As far as James is concerned, to be a follower of God who has that word of God implanted on one’s heart, you must be someone who works toward actively choosing to live out the way of Jesus.
Simply hearing the word, once or a thousand times, is ultimately meaningless if a person never allows the word of God to transform the way they interact with their neighbors.
It doesn’t make you “kind of” faithful.
Simply being present for a sermon was never the goal.
James offers an all-or-nothing proposition- followers of Jesus do the work of Jesus or they aren’t followers of Jesus.
And James offers a good gauge of what that looks like.
Words matter.
Followers of Jesus pay attention to what they say, not just the words themselves but the message they carry.

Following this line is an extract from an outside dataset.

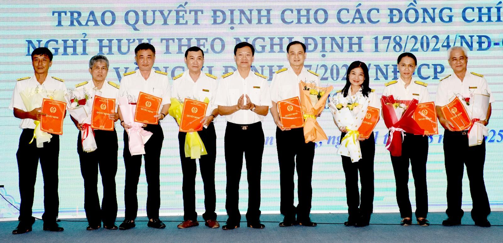 Trưởng Thuế tỉnh An Giang Nguyễn Thanh Bình (giữa) trao quyết định nghỉ hưu trước tuổi, nghỉ thôi việc theo Nghị định 178/2024/NĐ-CP và Nghị định 67/2025/NĐ-CP đợt 1/8/2025.
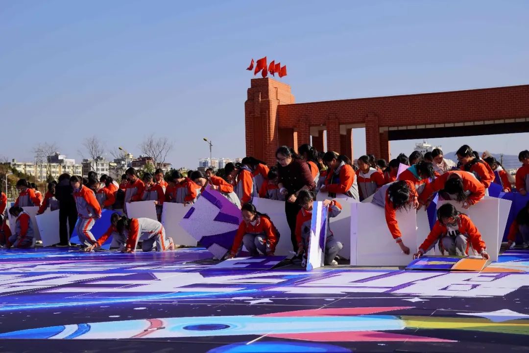 在知識(shí)尋寶環(huán)節(jié),500多位女童參與航天知識(shí)競(jìng)賽,通過(guò)答題獲得一塊屬于自己坐標(biāo)的追夢(mèng)大拼圖,根據(jù)手中拼圖的坐標(biāo)在操場(chǎng)上找到相應(yīng)位置,最后共同完成“航天筑夢(mèng)未來(lái) 佑我春蕾圓夢(mèng)”拼圖。

Destructive sentences can easily carry no profanity and even be said with a smile.
James isn’t cautioning against a few choice words, but the way we use words themselves and how they reveal what is in our hearts.
And James points out how just a few words can reveal the true depth, or lack there-of, of our faith.
James also provides perspective on where we can find blessings we often overlook- in our own faith lived out.
James does not say here that blessings come back to us because of our doing- this isn’t some sort of health-and-wealth gospel.
James definitely isn’t saying that those who do good things get good things back.
Instead, James invites us to recognize the blessing that is present in the act of service- the opportunity to display and share our faith and imitate the one whom we follow.
That is the blessing.
Finally, James names how they interact with those on the fringes of society as the true marker of their faith.
I’ll ask it this way.
Nobody cares if you are the nicest person in the world to your boss if you turn around and heap verbal abuse on those who work under you.
They notice the second.
Widows and orphans live on the edge of Jewish society.
They are often ignored or neglected.
They are the most vulnerable, they are individuals with no voice and no power in the first-century Jewish world.
And James says its how you treat those whom you could get away with neglecting matters.
If you treat those who you could neglect with compassion, then you truly show that you have been transformed.
In short, James is telling them that their faith must work.